**Work task:** Before copying, set the pictures aside; then repeat every line below verbatim.

**Source data:**
**********
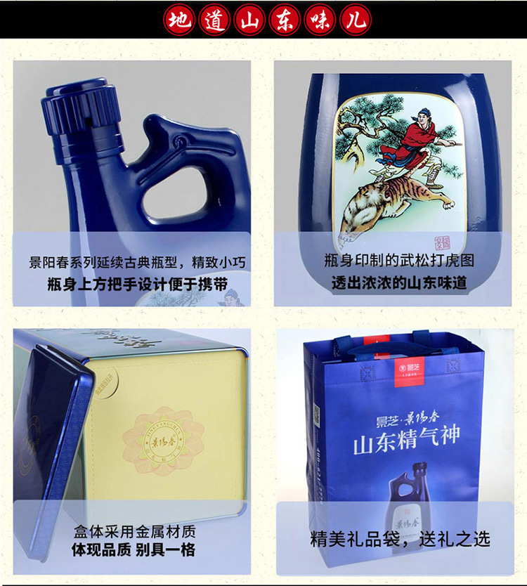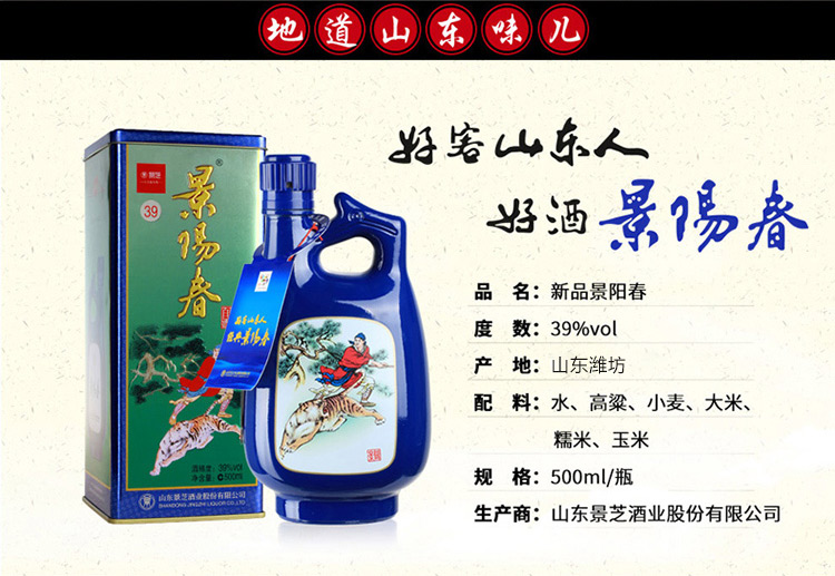 包装:整箱装;容量:500-749mL;香型:浓香型;产地:山东;度数:35-39度;酒精度:39%vol;容量:500ml;产品重量:9000g;包装清单:景芝 白酒 景阳春 39度 500ml*6瓶 整箱装 *1;
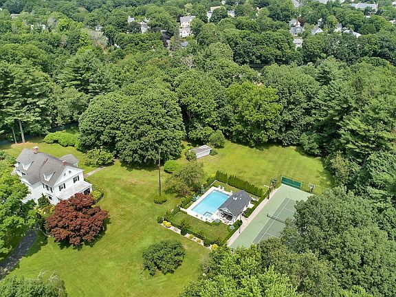 Extraordinary private four acre oasis, with pool, pool house and tennis court, provides an idyllic backdrop for this grand seven-bedroom Colonial. Easy access to nearby Candlewood Lake, located minutes from shopping and municipal airport with just a one hour drive to Manhattan. Original architectural details blend with tasteful updates in this landmark 1910 Estate. The gracious main level showcases fireplaces in key rooms; entry hall with majestic staircase, Palladian window; living room with French doors to mahogany veranda; dining room with carved cabinetry; family room/library with pecan bookcases and chef's country eat-in kitchen. The top two floors boast master suite; six bedrooms, three baths and attic. Features porte cochere and oversized detached two-car garage.
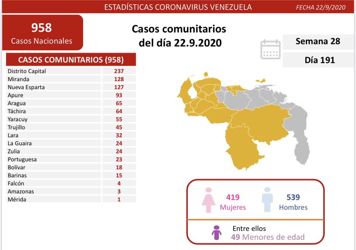 Los estados Miranda (128 casos) y Nueva Esparta (127) completan el trío de regiones que terminan este 22 de septiembre con más de 100 casos.
**********
**Response for this exercise:**
 包装:整箱装;容量:500-749mL;香型:浓香型;产地:山东;度数:35-39度;酒精度:39%vol;容量:500ml;产品重量:9000g;包装清单:景芝 白酒 景阳春 39度 500ml*6瓶 整箱装 *1;
 Extraordinary private four acre oasis, with pool, pool house and tennis court, provides an idyllic backdrop for this grand seven-bedroom Colonial. Easy access to nearby Candlewood Lake, located minutes from shopping and municipal airport with just a one hour drive to Manhattan. Original architectural details blend with tasteful updates in this landmark 1910 Estate. The gracious main level showcases fireplaces in key rooms; entry hall with majestic staircase, Palladian window; living room with French doors to mahogany veranda; dining room with carved cabinetry; family room/library with pecan bookcases and chef's country eat-in kitchen. The top two floors boast master suite; six bedrooms, three baths and attic. Features porte cochere and oversized detached two-car garage.
 Los estados Miranda (128 casos) y Nueva Esparta (127) completan el trío de regiones que terminan este 22 de septiembre con más de 100 casos.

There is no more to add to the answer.